Try this beautiful Problem on Probability in Marbles based on smallest value AMC 10 A, 2010. You may use sequential hints to solve the problem.
Each of 2010 boxes in a line contains a single red marble, and for $1 \leq k \leq 2010$, the box in the $k$ th position also contains $k$ white marbles. Isabella begins at the first box and successively draws a single marble at random from each box, in order. She stops when she first draws a red marble. Let $P(n)$ be the probability that Isabella stops after drawing exactly $n$ marbles. What is the smallest value of $n$ for which $P(n)<\frac{1}{2010}$ ?
,
Probability
Combination
Marbles
Pre College Mathematics
AMC-10A, 2010 Problem-23
$45$
Given that Each of 2010 boxes in a line contains a single red marble, and for $1 \leq k \leq 2010$, the box in the $k$ th position also contains $k$ white marbles..
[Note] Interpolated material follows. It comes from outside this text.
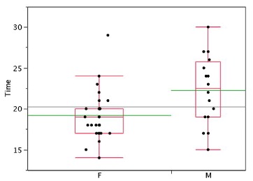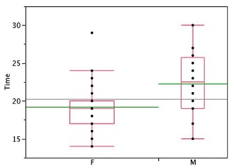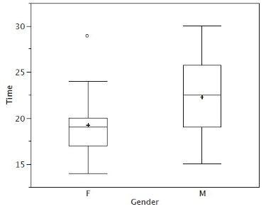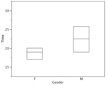 Box plots are useful for making comparisons and identifying outliers, meaning unusually large or small values for a variable. We will explain box plots with the help of data from an in-class experiment. As part of the “Stroop Interference Case Study,”9 students in introductory statistics were presented with a page containing 30 colored rectangles. Their task was to name the colors as quickly as possible. Their times (in seconds) were recorded. We’ll compare the scores for the 16 men and 31 women who participated in the experiment by making separate box plots for each gender. Such a display is said to involve parallel box plots.

Therefore The probability of drawing a white marble from box $k$ is $\frac{k}{k+1}$ and the probability of drawing a red marble from box $k$ is $\frac{1}{k+1}$
Now can you finish the problem?
Also given that She stops when she first draws a red marble. Let $P(n)$ be the probability that Isabella stops after drawing exactly $n$ marbles.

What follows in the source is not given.